Information supplied:
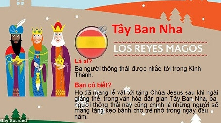 Ở Tây Ban Nha, trẻ nhỏ lại chờ ba vị đạo sĩ thông thái được nhắc tới trong Kinh Thánh đem kẹo bánh tới trong ngày Lễ hiển linh 6/1.
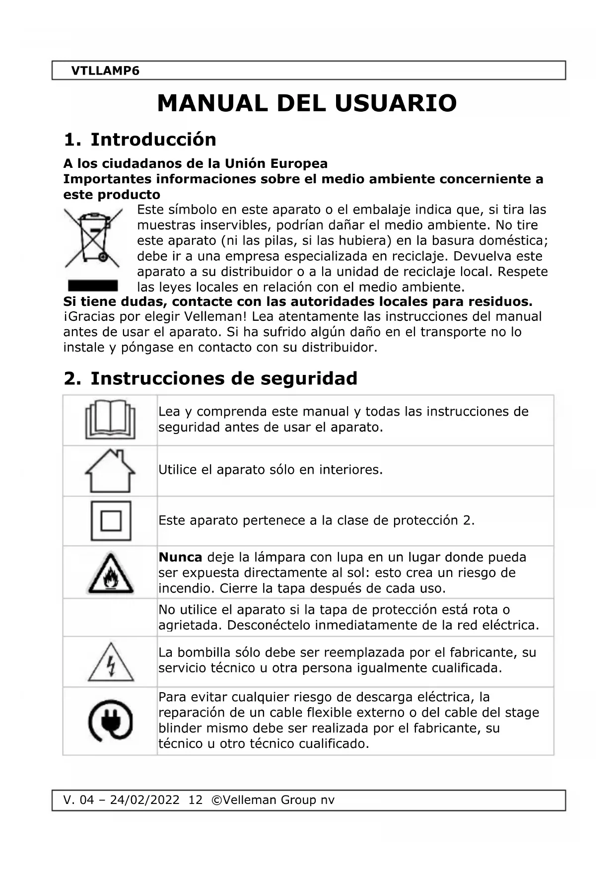 MANUAL DE USUARIO VTLLAMP6 VELLEMAN
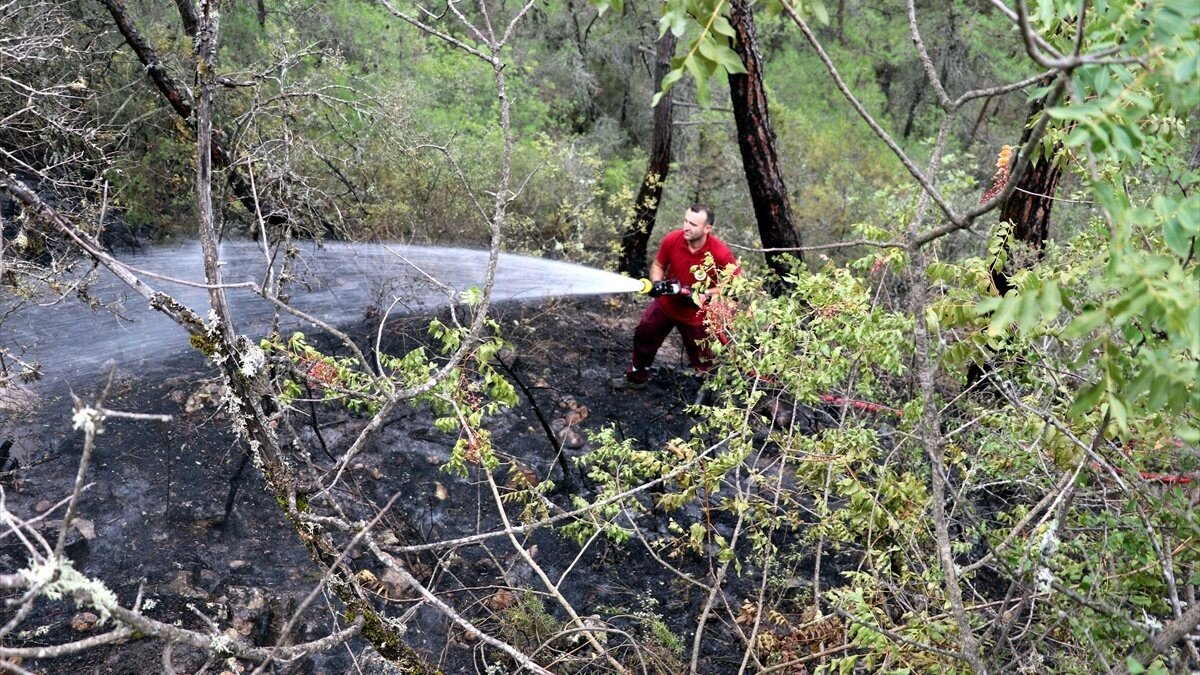 Yangın, 2 teknik personel, 6 yangın işçisi, bir arazöz, 2 su tankeri ve köylülerin de destek verdiği çalışma sonucu söndürüldü.

Your objective: Nothing but the pictures is to be left out; the rest of the listing should be copied exactly.

Exercise solution:
 Ở Tây Ban Nha, trẻ nhỏ lại chờ ba vị đạo sĩ thông thái được nhắc tới trong Kinh Thánh đem kẹo bánh tới trong ngày Lễ hiển linh 6/1.
 MANUAL DE USUARIO VTLLAMP6 VELLEMAN
 Yangın, 2 teknik personel, 6 yangın işçisi, bir arazöz, 2 su tankeri ve köylülerin de destek verdiği çalışma sonucu söndürüldü.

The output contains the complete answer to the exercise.